THE YEAR BEFORE THE WAR, in the context of WWI, has the setting in 1913, when the world is about to be radically transformed. Soon, millions of men will march, singing, into the trenches, in other words, go to war. On the precipice of the monumental events leading up to WWI, a young Latvian man named Peter (Petr Buchta) - but who claims to be called Hans - travels around Europe with little apparent purpose. Beginning as a doorman in Riga, he is unexpectedly embroiled in a series of bizarre events that place him at the dead centre of political warfare of a number of emerging and defiant forces, falling into the literal and ideological crossfire of anarchists, communists, and nationalists alike. Peter's unpredictable, often absurd, and sometimes tragic journey takes him through the untamed wilderness of Central Europe, ultimately bound for Vienna via the radical Lebensreform wellness community at Monte Verita in Switzerland. Everyone he meets somehow knows him, calling him Peter. He is shot at and forced to commit murder, has a romance with the spy Mata Hari, and is psychoanalyzed by Sigmund Freud.
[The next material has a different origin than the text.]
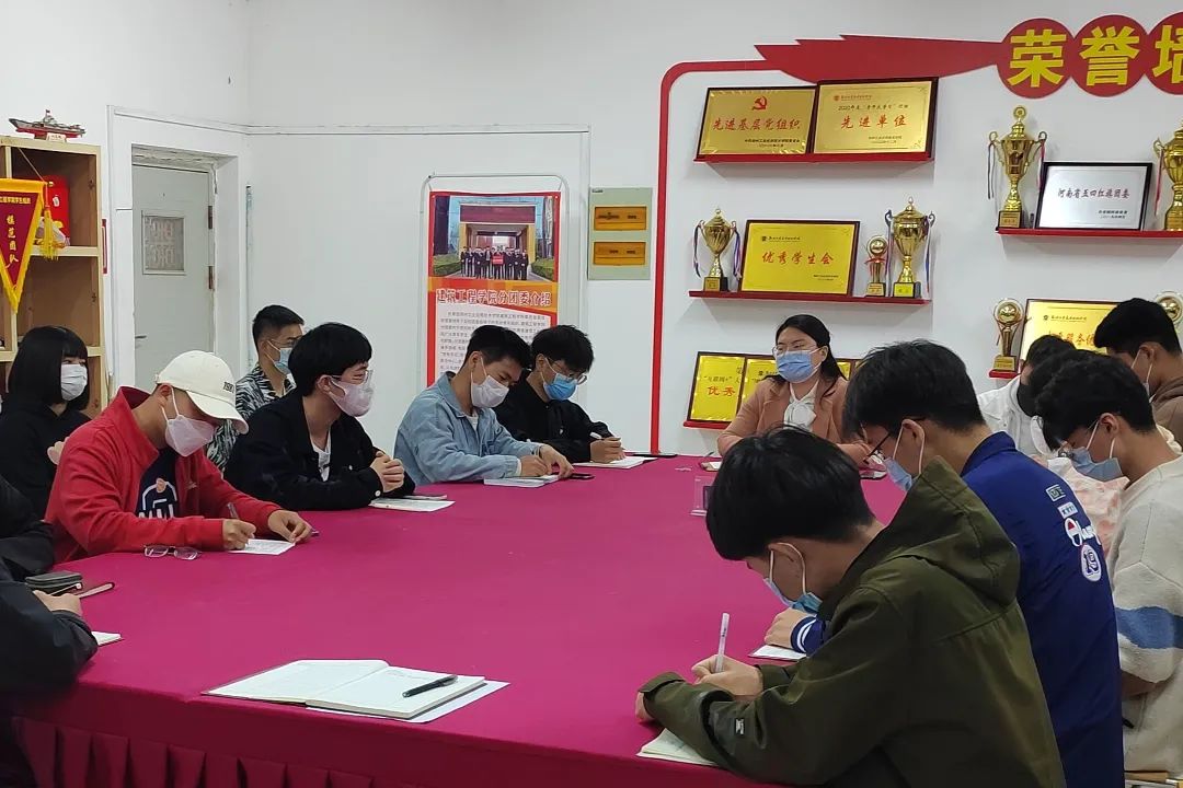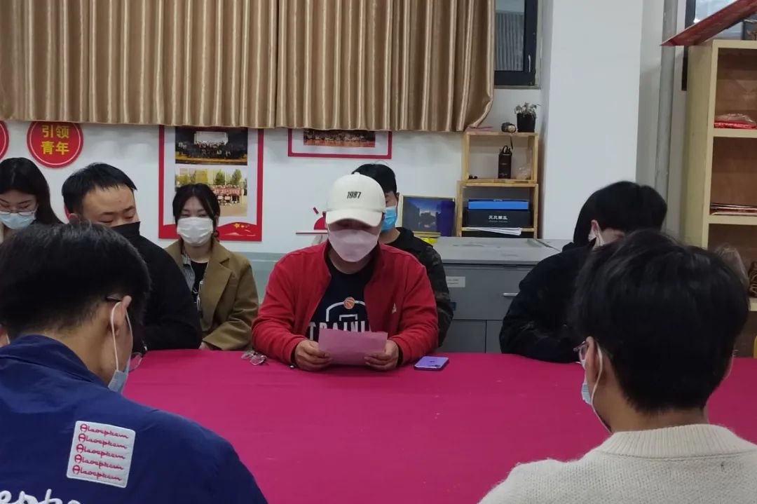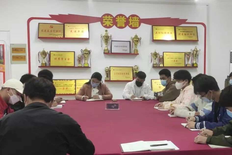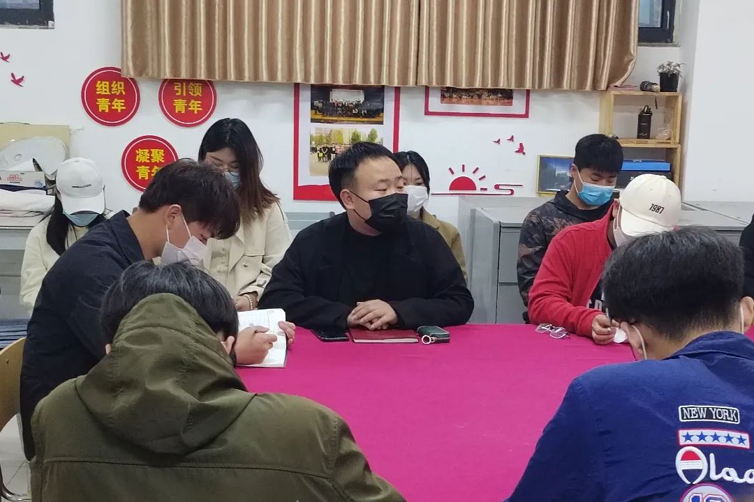 分团委书记刘贝贝老师带领全院各级员工组织学习王董事长在2022年员工工作会议上的讲话精神,并且让大家牢记王董事长的“十个会”讲话精神,各位团学干部认真学习并且记录笔记。

Meanwhile, more notorious figures of the early twentieth century embark on their journey towards more violent revolutions, leading Peter to commit a series of life-changing acts that alter the course of history.
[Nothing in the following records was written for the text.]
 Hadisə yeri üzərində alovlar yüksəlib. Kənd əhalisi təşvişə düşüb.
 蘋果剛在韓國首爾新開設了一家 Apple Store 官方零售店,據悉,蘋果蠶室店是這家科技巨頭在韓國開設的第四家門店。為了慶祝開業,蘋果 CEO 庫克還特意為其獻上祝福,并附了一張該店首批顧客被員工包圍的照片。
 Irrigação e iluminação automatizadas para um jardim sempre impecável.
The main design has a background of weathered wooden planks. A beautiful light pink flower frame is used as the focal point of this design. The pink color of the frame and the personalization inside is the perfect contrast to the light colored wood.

As implied by the synopsis, this is a surreal film with German impressionist art direction and sets that put the audience in an absurd world. The many patterns of architecture and repetitions of Peter’s unending journeys, as well as the absurdities, give the film a Kafkaesque feel, which should impress Kafka fans. Though the film meanders without a narrative that is normally found in a commercial film. There is no dull moment, as something unexpected always pops up, such as naked figures in a sanatorium or beheaded bodies. True historical figures like Sigmund Freud, Lenin, and others also appear, and even if their names are not mentioned, the characters can be recognized by their looks. The film is playful and intriguing, while being puzzling and complex.
It should be noted that the narrative can be difficult to follow, especially if one is unfamiliar with the historical figures. As director Sivanis’ film deliberately avoids a conventional plot, the film feels like a dream or hallucination where nothing is real, and incidents are deliberately blurred and confusing. Despite the film’s unassuming title, it is not a historical drama but an intentionally intellectual art film exercise. Accolades for the film’s art direction, costumes, and cinematography,
Though THE YEAR BEFORE THE WAR was made in 2021, it has never had an official run in Canada. The film had its world premiere at the International Film Festival Rotterdam (Netherlands), and the first documented Canadian screening was at the European Union Film Festival in November 2021. The film finally comes to Toronto and will be available via VOD and all Digital Platforms on June 9th, 2026.